Network coordinates provide a scalable way to estimate latencies among
large numbers of hosts.  While there are several algorithms for
producing coordinates, none account for the fact that nodes observe a
stream of distinct observations that may vary by as much as three
orders-of-magnitude.  With such variable data, coordinate systems are
prone to high error and instability in live deployments.  In addition,
dynamics such as triangle violations can lead to coordinate
oscillations, producing further instability and making it difficult
for applications to know when their coordinates have truly changed.
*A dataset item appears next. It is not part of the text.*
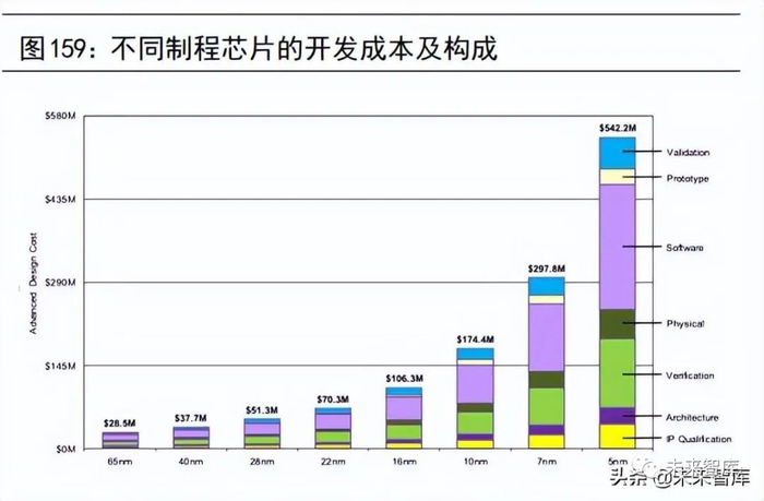 复杂度上升:单个芯片内部的晶体管数量在“摩尔定律”的推动下每18个月翻一倍,如今 5nm 的芯片可以容纳 125 亿个晶体管,未来的3nm 芯片将容纳近 160 亿个晶体管。如果没有一套高度自动化的设计工具与设计流程,这100多亿个晶体管的芯片设计图纸是无法完成,IC 设计早已无法再单纯依赖设计师手工设计,必须依靠 EDA 工具完成电路设计、版图设计、版图验证、性能分析等工作;

Because simulation results demonstrate that network coordinates are
capable of providing low cost and sufficiently accurate answers to
common queries, it is vital that we develop the ability to obtain
similar results in practice.

We introduce latency filters, which turn streams of latency
observations into a single approximation, and update filters, which
summarize underlying coordinate change and squelch false application
updates.  We show how a compact, non-linear, low-pass filter can
extract a clear underlying signal from each link: these latency
filters improve accuracy.  We evaluate a set of change-detection
heuristics that allow coordinates to evolve at the system-level and
initiate an application-level update only after a coordinate has
undergone a significant change: these update filters boost coordinate
stability without diminishing accuracy.  These two filters combined to
improve network coordinate accuracy by 54 percent and coordinate
stability by 96 percent when run on a real, large-scale network.